### Records for this exercise

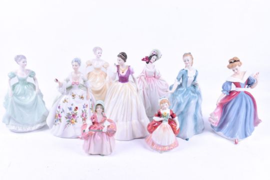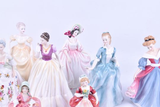 A collection of Doulton and Coalport 'lady' figures. Including Henrietta, Miranda HN 3037 and Diana HN 2468, etc. Largest H22cm
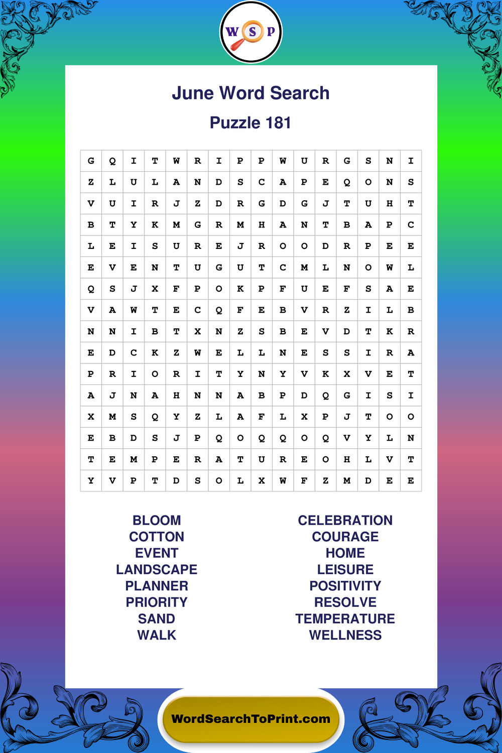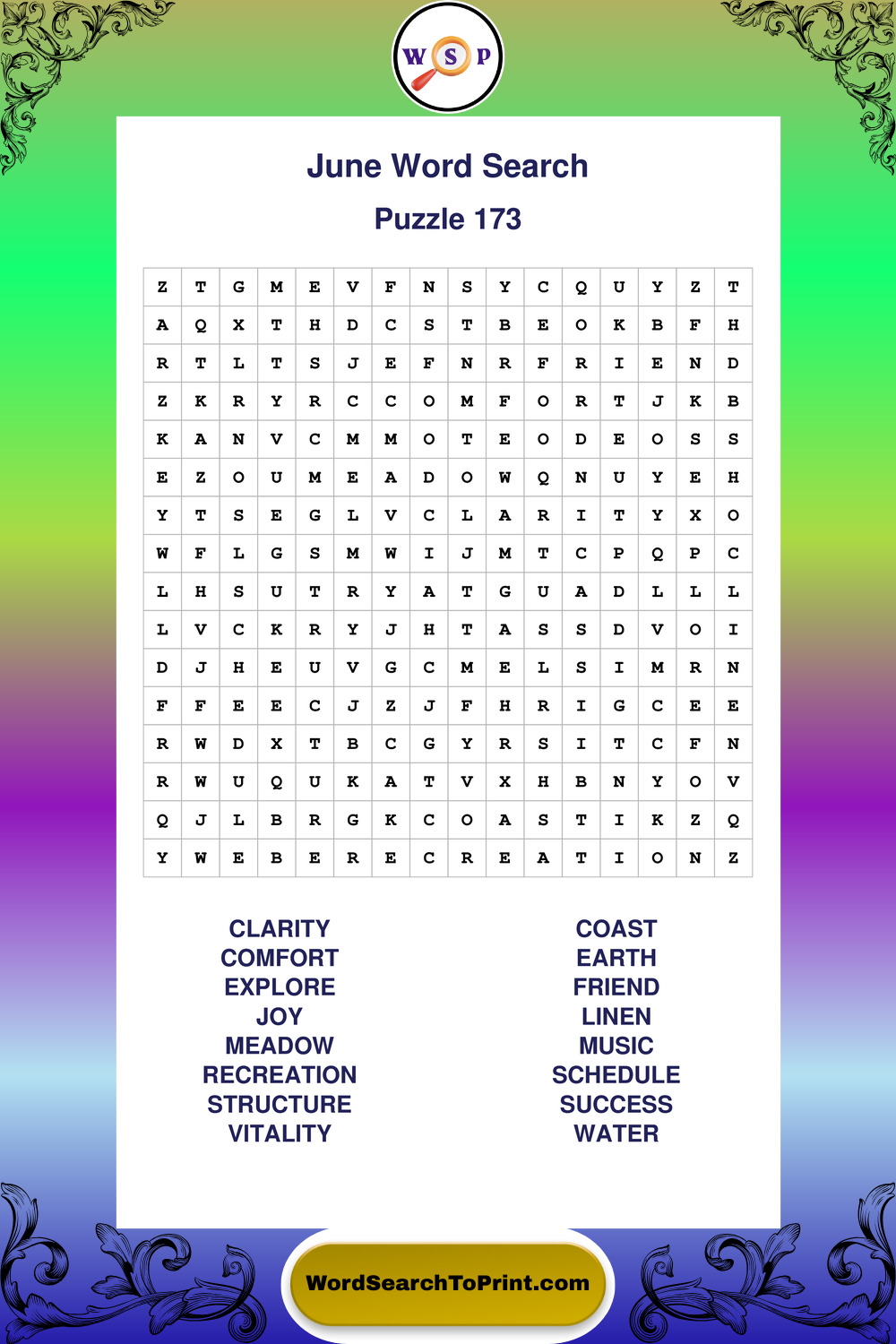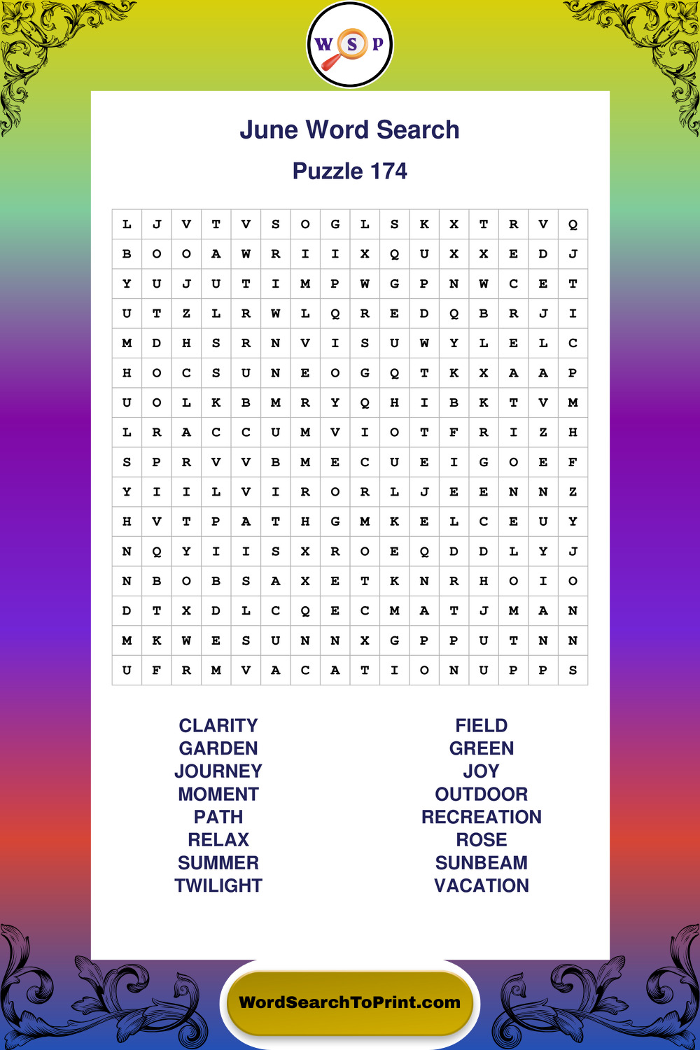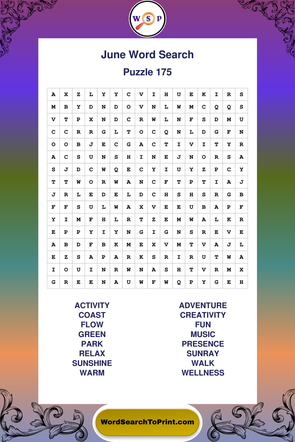 Enjoy large print June wordsearches that balance clarity, simplicity, and enjoyable mental activity.
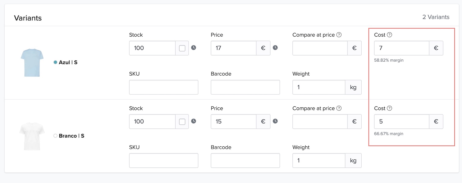 En la sección de precios de cada producto, ahora puedes añadir el precio de costo de cada artículo, que corresponde al precio de compra original o al coste de producción de un producto.
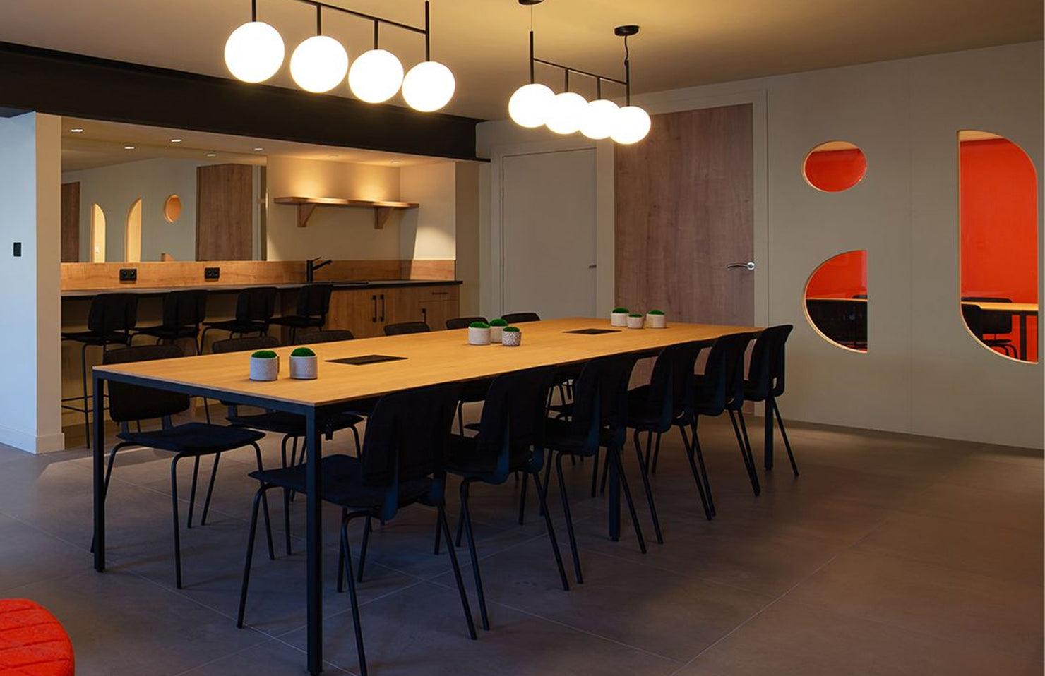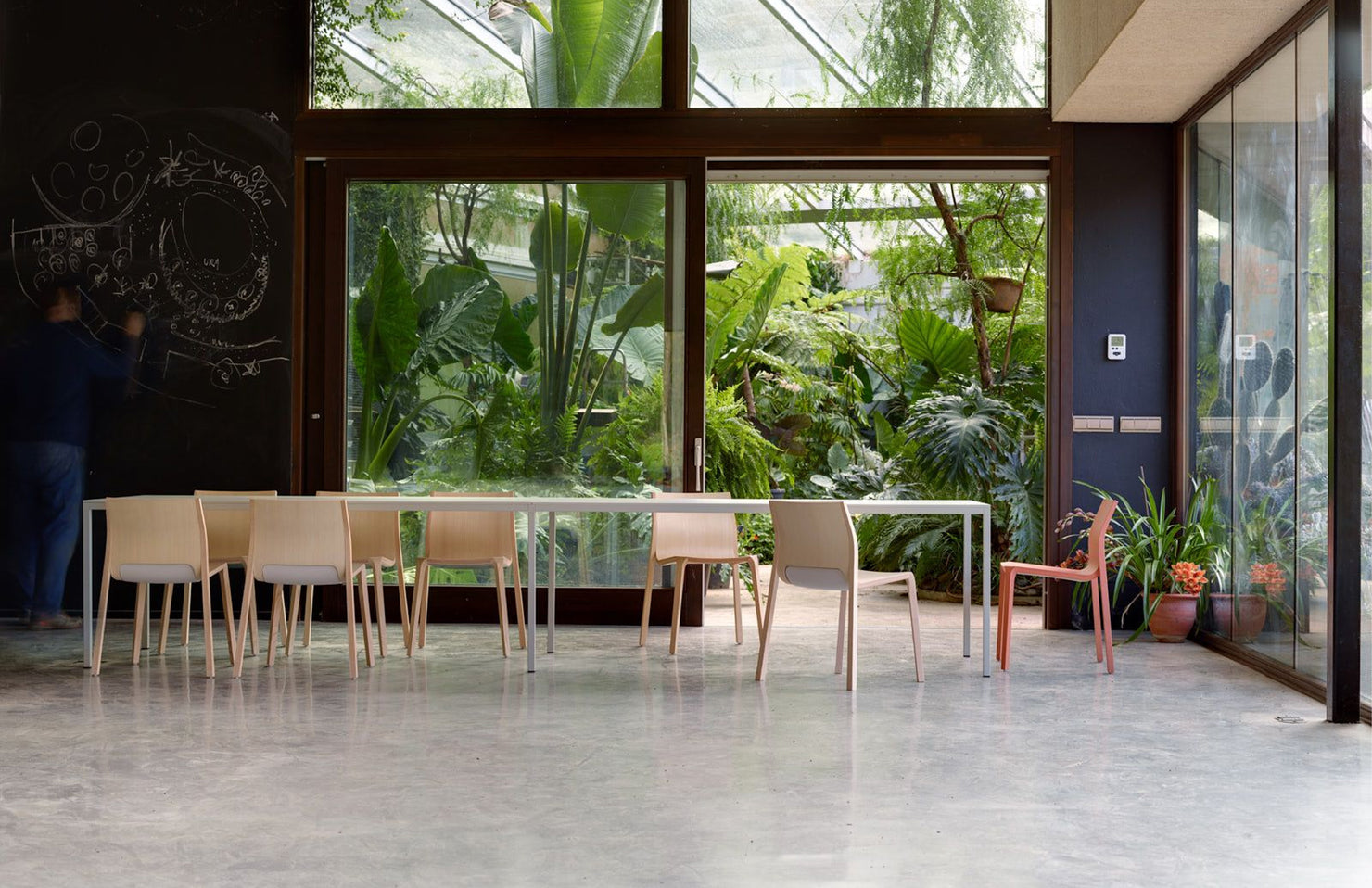 A minimal and sophisticated table design with numerous customization and sizing options, allowing for a cohesive design throughout a space.
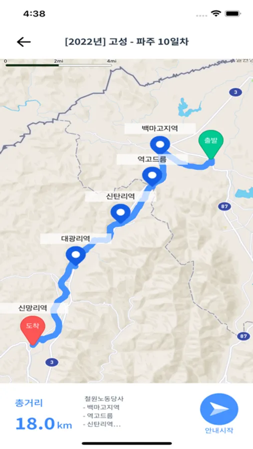 DMZ 통일걷기행사 경로를 안내하는 도보길안내 앱입니다.
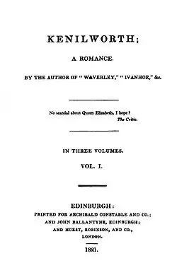 Kenilworth was published in three volumes by Constable and Ballantyne in Edinburgh on 13 January 1821,[3] and by Hurst, Robinson, and Co. in London on the 20th. As with all the Waverley novels before 1827 publication was anonymous. The print run was 10,000, with a further 2000 in a second edition which followed two months later, and the price was one and a half guineas (£1 11s 6d or £1.57½). It is unlikely that Scott was involved with the novel again until April and May 1830, when he revised the text and provided an introduction and notes for the 'Magnum' edition in which it appeared as Volumes 22 and 23 in March and April 1831.[a]
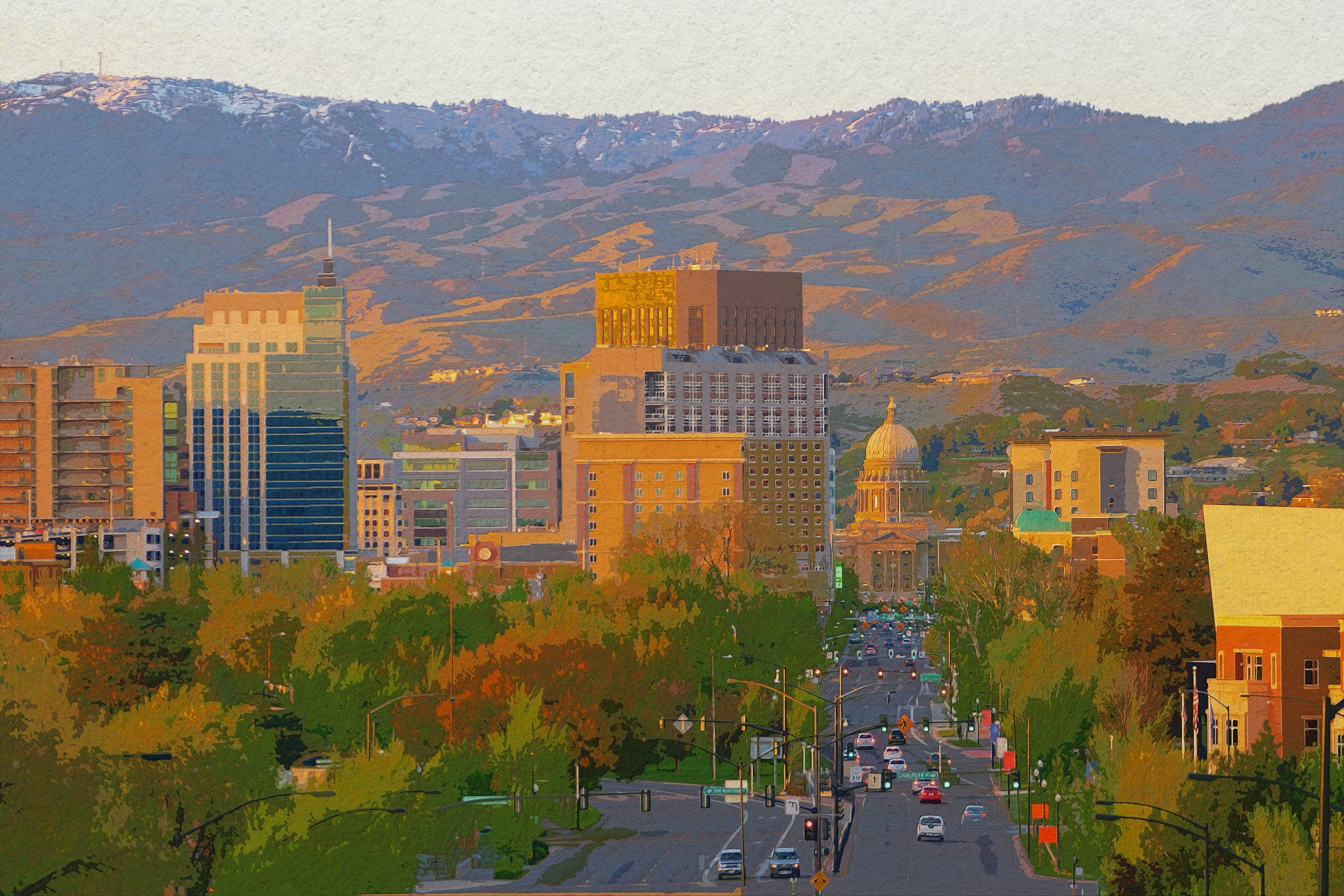 The beautiful watercolor of Boise Idaho on canvas framed and ready to hang. Stunning colors that make for the perfect wall decor. Boise watercolor
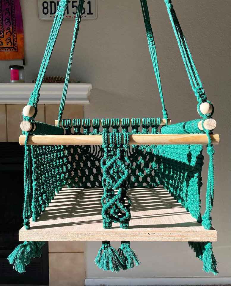 Green Macrame Hammock Swing Boho Hanging Chair for Garden Patio Bedroom Park Outdoor Furniture Relieving Seating
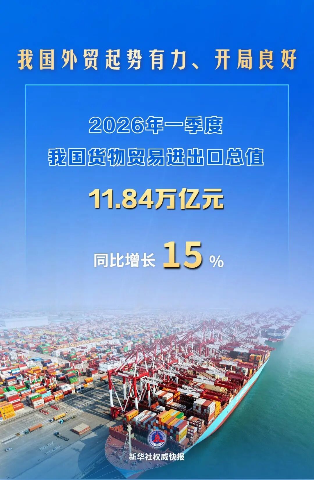 海关总署4月14日发布数据泄露,2026年一季度我国货色生意出进口总值11.84万亿元,历史同时初次超过11万亿元,同比增速保合手两位数增长,达到15%。
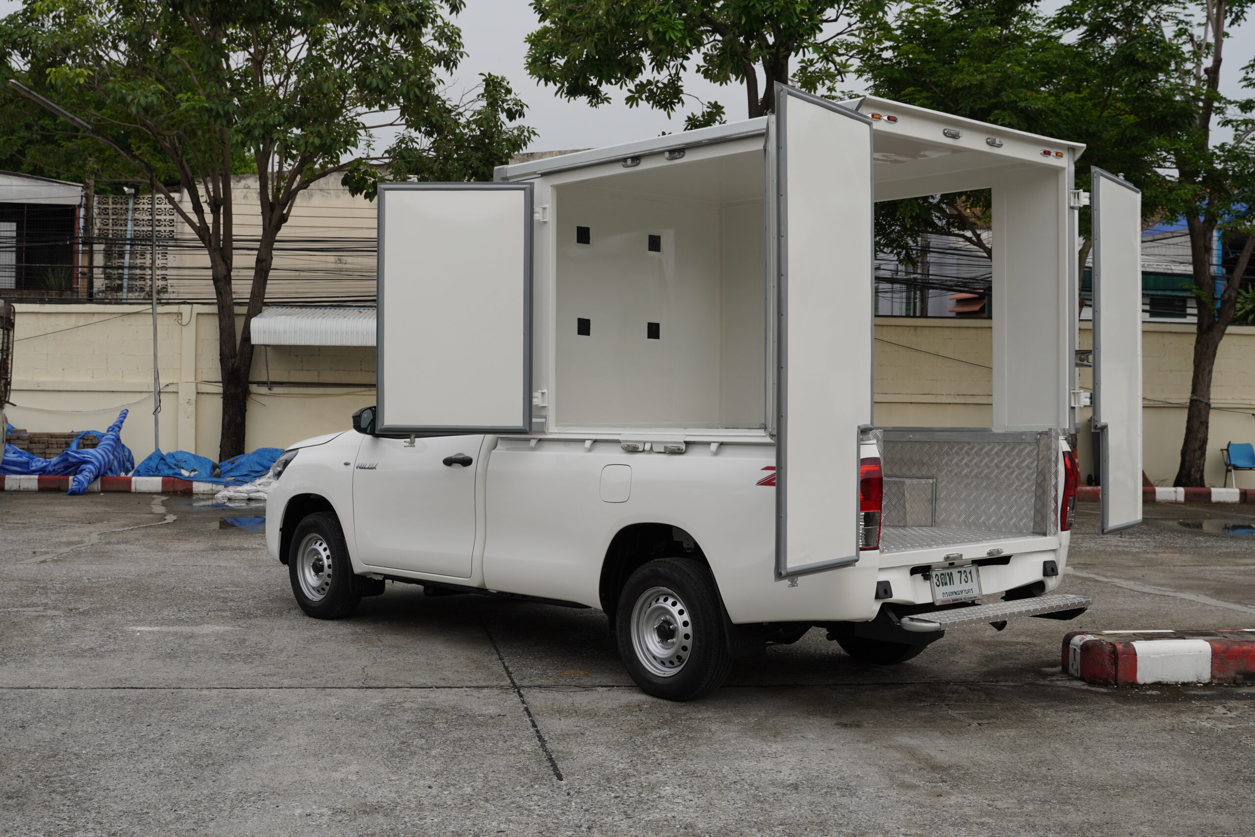 บริษัท สิทธิพรแอสโซซิเอส จำกัด เลือกใช้รถกระบะหลังคาทรงสูง ที่ใช้วัสดุคุณภาพ เพื่อป้องกันความเสียหายที่อาจเกิดขึ้นกับสินค้าที่บรรทุก ร้อมด้วยกระจกบานสไลด์สำหรับระบายอากาศภายในห้องบรรทุก วัสดุที่แข็งแรงทนทาน เหมาะสำหรับการขนส่งสินค้าที่มีมูลค่าสูง
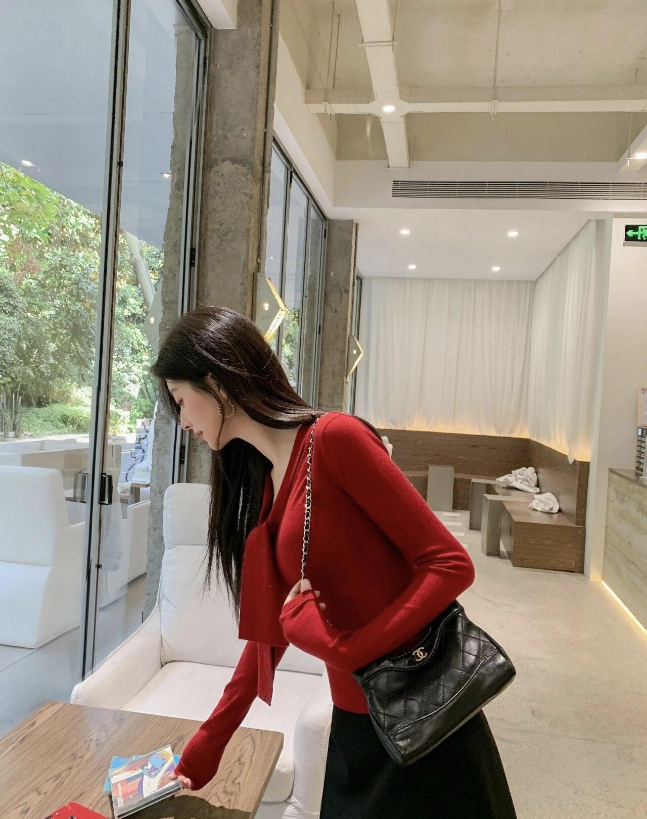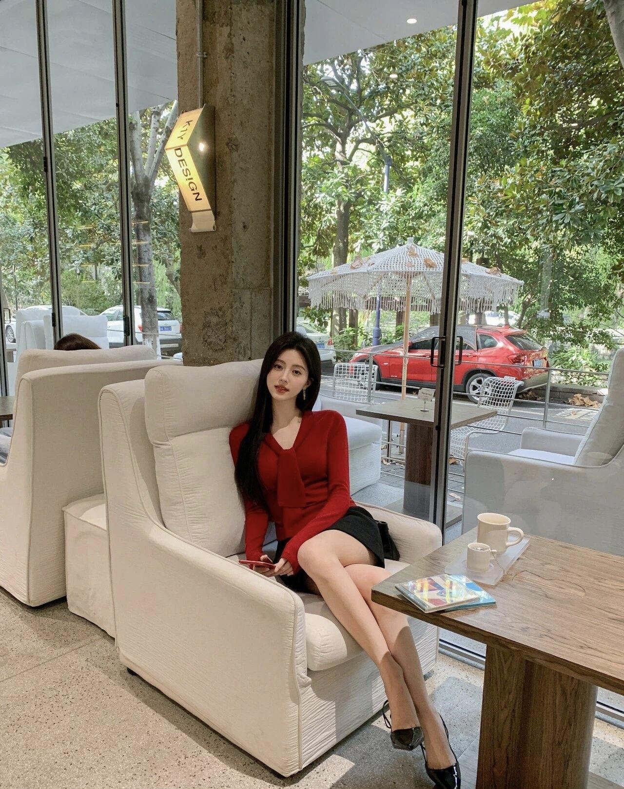 红衫配日常,慵懒与精致撞个满怀,在街角的咖啡店捕捉片刻松弛✨
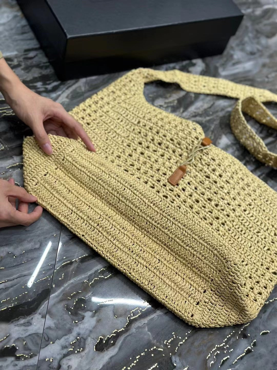 YSL PANIER BAG 55CM BLACK CROCHET RAFFIA TAN CALFSKIN
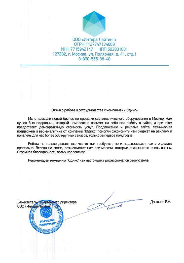 Мы открывали новый бизнес по продаже светотехнического оборудования в Москве. Нам нужен был подрядчик, который комплексно возьмет на себя всю заботу о сайте по нормальной цене. SEO-продвижение и реклама сайта, техподдержка и веб-аналитика от Юдикс помогли сэкономить на рекламе и привлечь для нас более 500 крупных заказов только за первое полугодие. Ребята не просто делают все, что от них требуется, но и подсказывают как делать правильно. Всегда на связи, разжевывают все по мелочам, которые оказываются очень важны. Рекомендуем этих ребят как настоящих профессионалов своего дела.

### Problem
Nothing except the lines from the one containing "Green Macrame Hammock" through the one containing "YSL PANIER BAG" should appear in the answer, exactly as above and without pictures.

### Worked solution
 Green Macrame Hammock Swing Boho Hanging Chair for Garden Patio Bedroom Park Outdoor Furniture Relieving Seating
 海关总署4月14日发布数据泄露,2026年一季度我国货色生意出进口总值11.84万亿元,历史同时初次超过11万亿元,同比增速保合手两位数增长,达到15%。
 บริษัท สิทธิพรแอสโซซิเอส จำกัด เลือกใช้รถกระบะหลังคาทรงสูง ที่ใช้วัสดุคุณภาพ เพื่อป้องกันความเสียหายที่อาจเกิดขึ้นกับสินค้าที่บรรทุก ร้อมด้วยกระจกบานสไลด์สำหรับระบายอากาศภายในห้องบรรทุก วัสดุที่แข็งแรงทนทาน เหมาะสำหรับการขนส่งสินค้าที่มีมูลค่าสูง
 红衫配日常,慵懒与精致撞个满怀,在街角的咖啡店捕捉片刻松弛✨
 YSL PANIER BAG 55CM BLACK CROCHET RAFFIA TAN CALFSKIN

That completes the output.